[[ DATASET RECORDS, beginning ]]

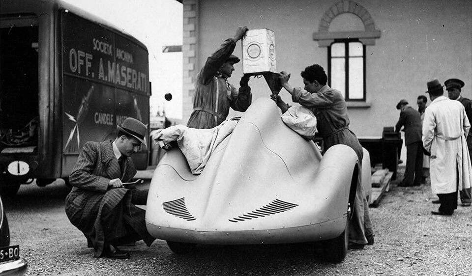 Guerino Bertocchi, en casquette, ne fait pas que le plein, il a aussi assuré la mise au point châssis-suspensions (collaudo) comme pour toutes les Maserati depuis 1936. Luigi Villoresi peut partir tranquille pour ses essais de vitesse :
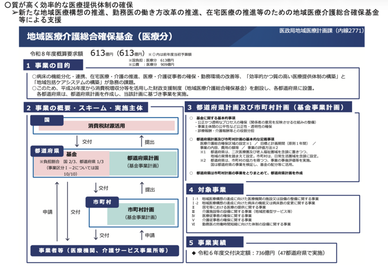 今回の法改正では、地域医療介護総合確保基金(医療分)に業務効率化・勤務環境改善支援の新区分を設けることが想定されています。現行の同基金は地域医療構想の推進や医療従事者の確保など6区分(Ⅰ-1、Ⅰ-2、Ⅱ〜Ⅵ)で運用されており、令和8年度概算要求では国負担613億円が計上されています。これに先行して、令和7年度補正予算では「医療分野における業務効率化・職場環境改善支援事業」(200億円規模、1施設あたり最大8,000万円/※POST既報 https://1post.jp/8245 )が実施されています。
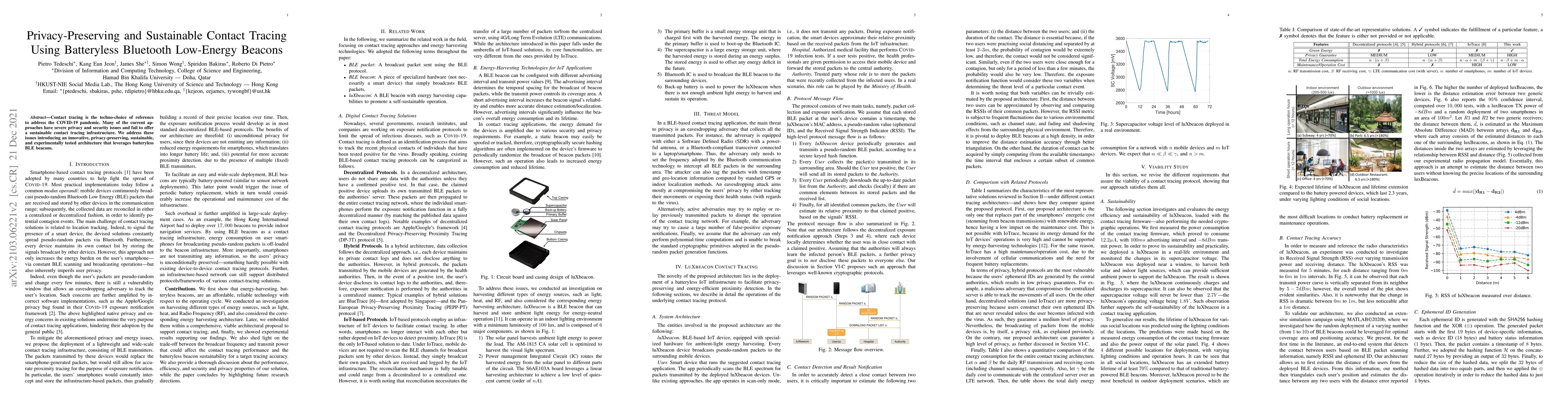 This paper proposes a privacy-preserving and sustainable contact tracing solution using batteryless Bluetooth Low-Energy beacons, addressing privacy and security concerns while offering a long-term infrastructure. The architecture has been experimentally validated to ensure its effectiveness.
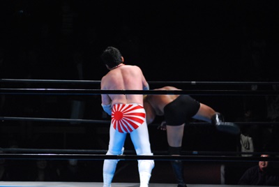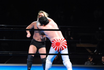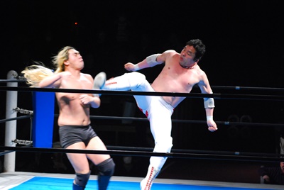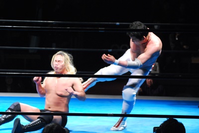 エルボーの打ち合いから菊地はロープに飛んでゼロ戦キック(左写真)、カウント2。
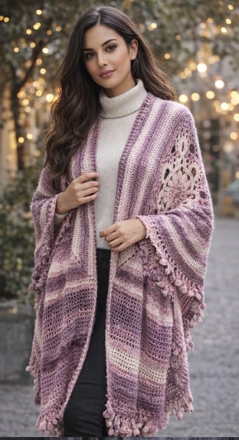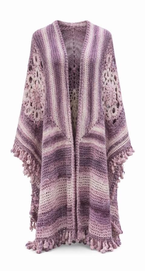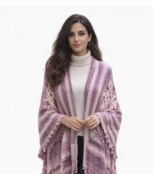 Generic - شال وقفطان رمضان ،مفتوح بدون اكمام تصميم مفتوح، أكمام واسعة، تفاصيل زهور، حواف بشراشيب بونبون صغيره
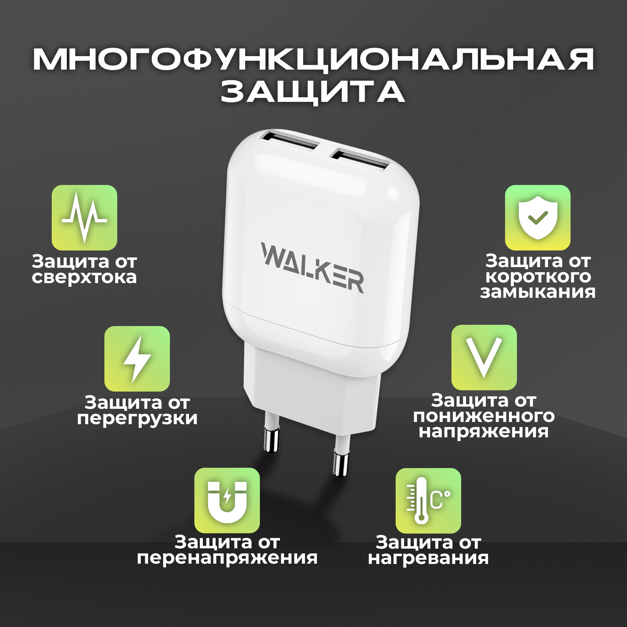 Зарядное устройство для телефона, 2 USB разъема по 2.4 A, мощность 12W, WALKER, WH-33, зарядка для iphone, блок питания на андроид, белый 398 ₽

[[ DATASET RECORDS, end ]]

*ABOUT THIS EXERCISE*.
All of the entries above should be duplicated exactly, except for the pictures.

*EXPECTED ANSWER*.
 Guerino Bertocchi, en casquette, ne fait pas que le plein, il a aussi assuré la mise au point châssis-suspensions (collaudo) comme pour toutes les Maserati depuis 1936. Luigi Villoresi peut partir tranquille pour ses essais de vitesse :
 今回の法改正では、地域医療介護総合確保基金(医療分)に業務効率化・勤務環境改善支援の新区分を設けることが想定されています。現行の同基金は地域医療構想の推進や医療従事者の確保など6区分(Ⅰ-1、Ⅰ-2、Ⅱ〜Ⅵ)で運用されており、令和8年度概算要求では国負担613億円が計上されています。これに先行して、令和7年度補正予算では「医療分野における業務効率化・職場環境改善支援事業」(200億円規模、1施設あたり最大8,000万円/※POST既報 https://1post.jp/8245 )が実施されています。
 This paper proposes a privacy-preserving and sustainable contact tracing solution using batteryless Bluetooth Low-Energy beacons, addressing privacy and security concerns while offering a long-term infrastructure. The architecture has been experimentally validated to ensure its effectiveness.
 エルボーの打ち合いから菊地はロープに飛んでゼロ戦キック(左写真)、カウント2。
 Generic - شال وقفطان رمضان ،مفتوح بدون اكمام تصميم مفتوح، أكمام واسعة، تفاصيل زهور، حواف بشراشيب بونبون صغيره
 Зарядное устройство для телефона, 2 USB разъема по 2.4 A, мощность 12W, WALKER, WH-33, зарядка для iphone, блок питания на андроид, белый 398 ₽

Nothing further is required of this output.